Description of the task:
What you return must match the listing exactly, with every image removed.

Data section:
* * * *

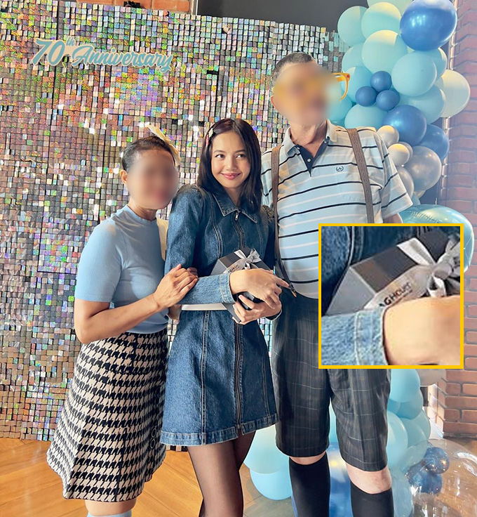 공개된 사진 속 리사가 럭셔리 시계 브랜드 '태그호이어'(Tag Heuer) 리본으로 묶인 상자를 들고 있는 것으로 보아 해당 브랜드 제품을 선물한 것으로 보인다. '태그호이어'는 리사의 열애설 상대인 프레데릭 아르노가 CEO(최고경영자)로 있는 브랜드라 눈길을 끈다.
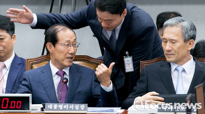 (서울=포커스뉴스) 1일 오전 서울 여의도 국회에서 열린 운영위원회 전체회의에 참석한 이원종(왼쪽) 대통령비서실장이 관계자와 대화하고 있다. 오른쪽은 김관진 국가안보실장.
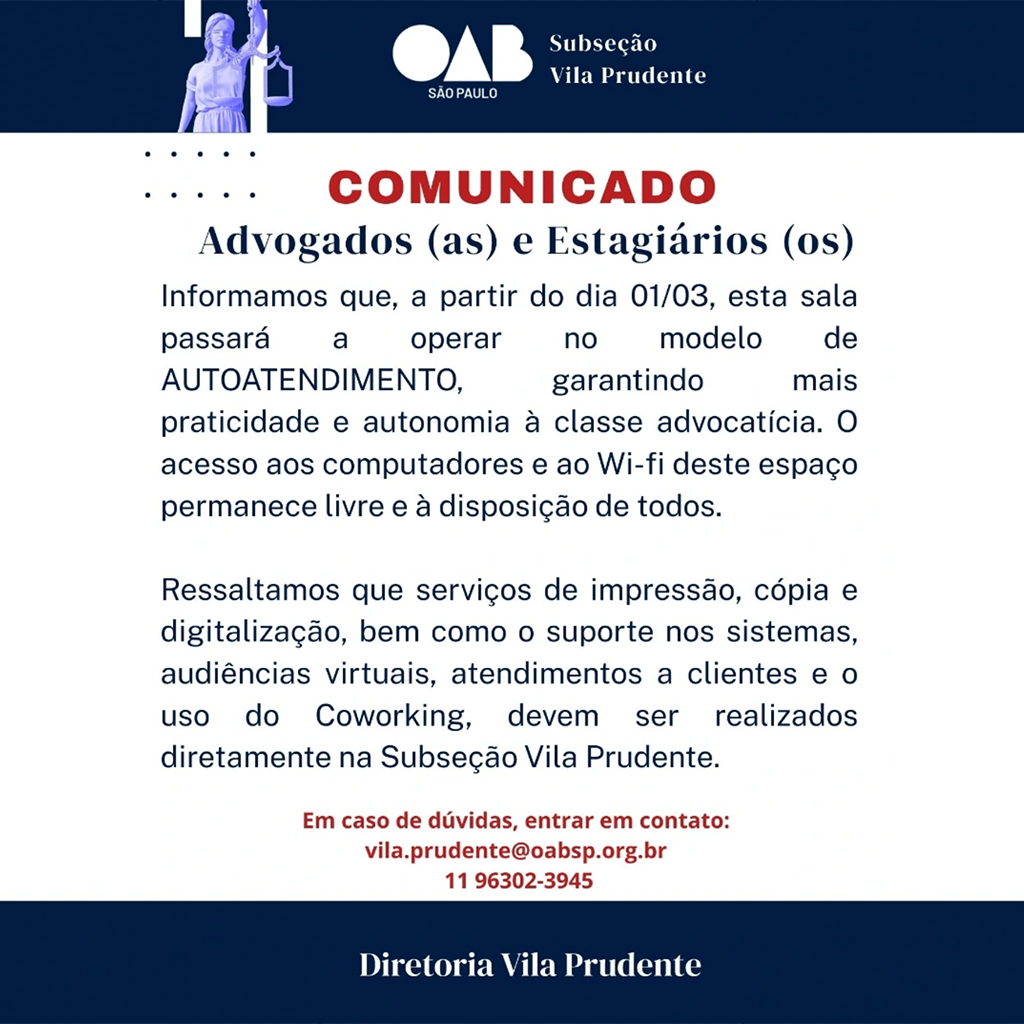 Ressaltamos que serviços de impressão, cópia e digitalização, bem como o suporte nos sistemas, audiências virtuais, atendimentos a clientes e o uso do Coworking, devem ser realizados diretamente na Subseção Vila Prudente.
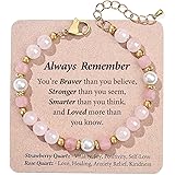 Quietsun Valentines Day Gifts for Her Kids Teens Girl Gifts Teenage Women Daughter Birthday Ideas 10 12 13 Year Old Rose Quartz Bracelet Healing Protection Easter Basket Stuffers Christmas Stocking

* * * *

Answer area:
 공개된 사진 속 리사가 럭셔리 시계 브랜드 '태그호이어'(Tag Heuer) 리본으로 묶인 상자를 들고 있는 것으로 보아 해당 브랜드 제품을 선물한 것으로 보인다. '태그호이어'는 리사의 열애설 상대인 프레데릭 아르노가 CEO(최고경영자)로 있는 브랜드라 눈길을 끈다.
 (서울=포커스뉴스) 1일 오전 서울 여의도 국회에서 열린 운영위원회 전체회의에 참석한 이원종(왼쪽) 대통령비서실장이 관계자와 대화하고 있다. 오른쪽은 김관진 국가안보실장.
 Ressaltamos que serviços de impressão, cópia e digitalização, bem como o suporte nos sistemas, audiências virtuais, atendimentos a clientes e o uso do Coworking, devem ser realizados diretamente na Subseção Vila Prudente.
 Quietsun Valentines Day Gifts for Her Kids Teens Girl Gifts Teenage Women Daughter Birthday Ideas 10 12 13 Year Old Rose Quartz Bracelet Healing Protection Easter Basket Stuffers Christmas Stocking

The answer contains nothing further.